So i have ebook reader. And naturally want to create a Gutenberg book downloader so first time users can read something out of the box.
Fine. So i envisioned a library panel, over GlazedLists, like i already have for the local files, but that instead of showing all possibilities only begins to shows after 3-4 characters inserted. Should be enough for filtering right? And works almost the same way - i like consistency.
So i need a way to search. Looking at the Gutenberg site there is a rdf file 5 mb zipped. Wunderbar i think. Actually it is 100 mb unzipped - so don’t unzip.
So then i need a indexation method for rapid searching of rdf. Lucene comes to mind. Google finds LuceneSail easily.
First Problem : LuceneSail indexes and duplicates the text, so those 100mb become 210mb in the disk somewhere. But searches are fast at least.
Second Problem : Indexing takes forever (5-8 minutes) and too much memory for the main program. The too much memory for the main program can be alleviated if you have a monster machine and lots of memory. Then i can do this :
/**
* This method creates a new process that will run a new jvm
* on the main of the given class, with the selected arguments.

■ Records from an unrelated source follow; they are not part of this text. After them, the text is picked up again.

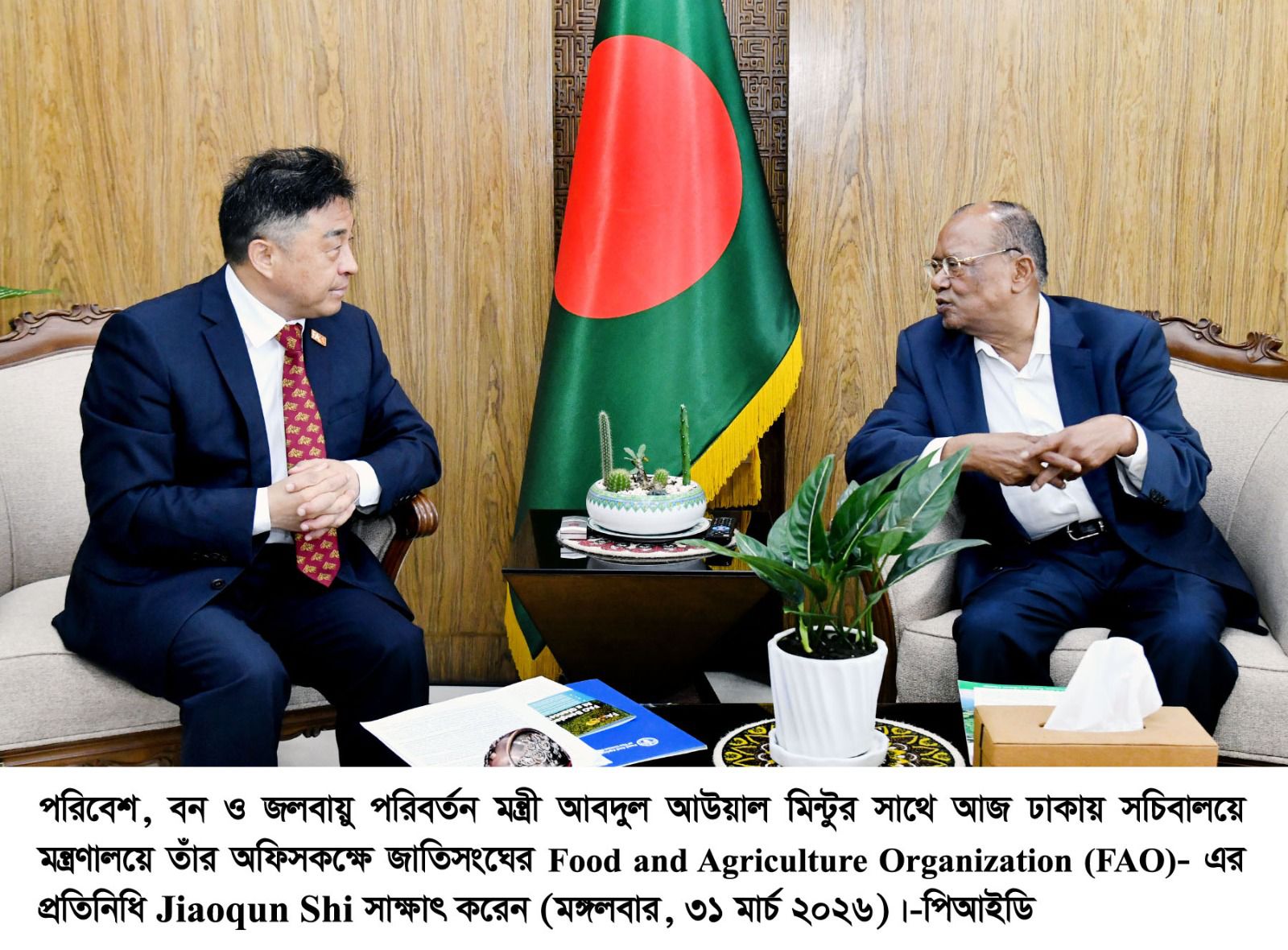 ঢাকা, ১৭ চৈত্র (৩১ মার্চ): পরিবেশ, বন ও জলবায়ু পরিবর্তন মন্ত্রী আবদুল আউয়াল মিন্টুর সাথে আজ বাংলাদেশ সচিবালয়ে তাঁর দপ্তরে বাংলাদেশে নিযুক্ত জাতিসংঘের খাদ্য ও কৃষি সংস্থার (এফএও) প্রতিনিধি মি. জিয়াওকুন শি সাক্ষাৎ করেছেন। এ সময় পরিবেশ, বন ও জলবায়ু পরিবর্তন মন্ত্রণালয়ের সচিব মো. রায়হান কাওছার উপস্থিত ছিলেন।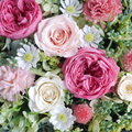 フーシャピンクのロゼットざきのプリザーブドフラワーのばらを中心にピンク〜ホワイト系のバラをボックスに詰めてみました。また、母の日のギフトにもできるようにソーラーフラワーのカーネーションを添えました。ピンクの千日紅やカモミールの小花を入れ華やかな色合いにも可愛さのあるアレンジにしました。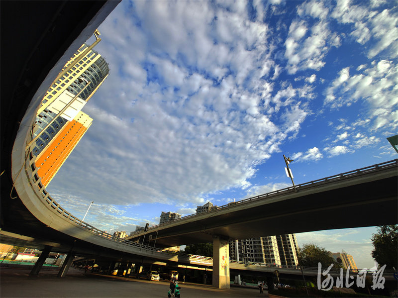 2022年8月20日,在省城棉一立交桥下仰望,晨光绚丽,美景如画。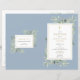 Featuring delicate watercolor greenery leaves on a dusty blue background and an elegant gold crucifix, this chic baptism or christening program can be personalized with your special information. Designed by Thisisnotme©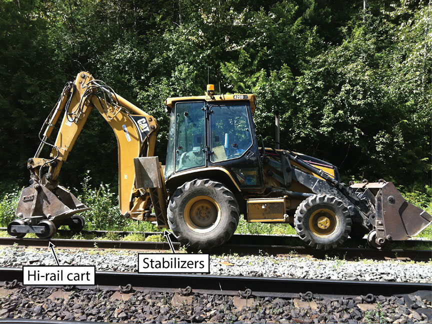 Working under the direction of the supervisor, the backhoe operator was performing clean-up duties along and between the tracks about 1000 feet west of the crossovers. The backhoe was attached to a hi-rail–equipped cart to facilitate movement of the machine on the track (Figure 4).

* It already flushes the output and inputstream of the forked jvm
* into the current jvm.
* The forked jvm uses the same java.exe and classpath as the current
* one.
* @param javaClass class with main method
* @param args jvm properties.
*/
public static void forkJavaAndWait(Class klass, String ... args) throws IOException, InterruptedException{
String javaExe = System.getProperty("java.home") + File.separator + "bin" + File.separator + "java.exe";
String classpath = System.getProperty("java.class.path");
List<String> l = new ArrayList<String>(4+args.length);
l.add(javaExe);
l.add("-cp");
l.add(classpath);
l.addAll(Arrays.asList(args));
l.add(klass.getCanonicalName());
ProcessBuilder pb = new ProcessBuilder(l);
pb.redirectErrorStream(true);
final Process p = pb.start();
//process builder stupidity (would need 2 threads if redirectErrorStream(false))
new Thread(new Runnable(){
@Override
public void run() {
String line;
BufferedReader bufferedStderr = new BufferedReader(new InputStreamReader(p.getInputStream()));
try {
while ((line = bufferedStderr.readLine()) != null) {
System.out.println(line);
}
} catch (IOException ex) {
Logger.getLogger(IoUtils.class.getName()).log(Level.SEVERE, null, ex);
}
}
}, "ProcessBuilderInputStreamConsumer").start();
int e = p.waitFor();
if (e != 0) {
p.destroy();
throw new IllegalStateException("couldnt fork the java process, error code "+e);
}
}
Third Problem : But the files are not deleted for some stupid reason if the java process is killed (in a finally in the given class main - have i to use a shutdown hook or the SignalHandler?).
What would you prefer:
-
stupid search that scraps project gutenberg webpages and doesn’t show possibilities as you type.
-
Smart search that shows possibilities after some typing and eats 210mb.
2a) and that you need a beastly machine to use takes 5 minutes to create (once) or update (more than once).
2b) and that you need to download a (24mb) zipped index and unzip it (once).
2c) and that is created on the installer (that i don’t have now) and works as 2a.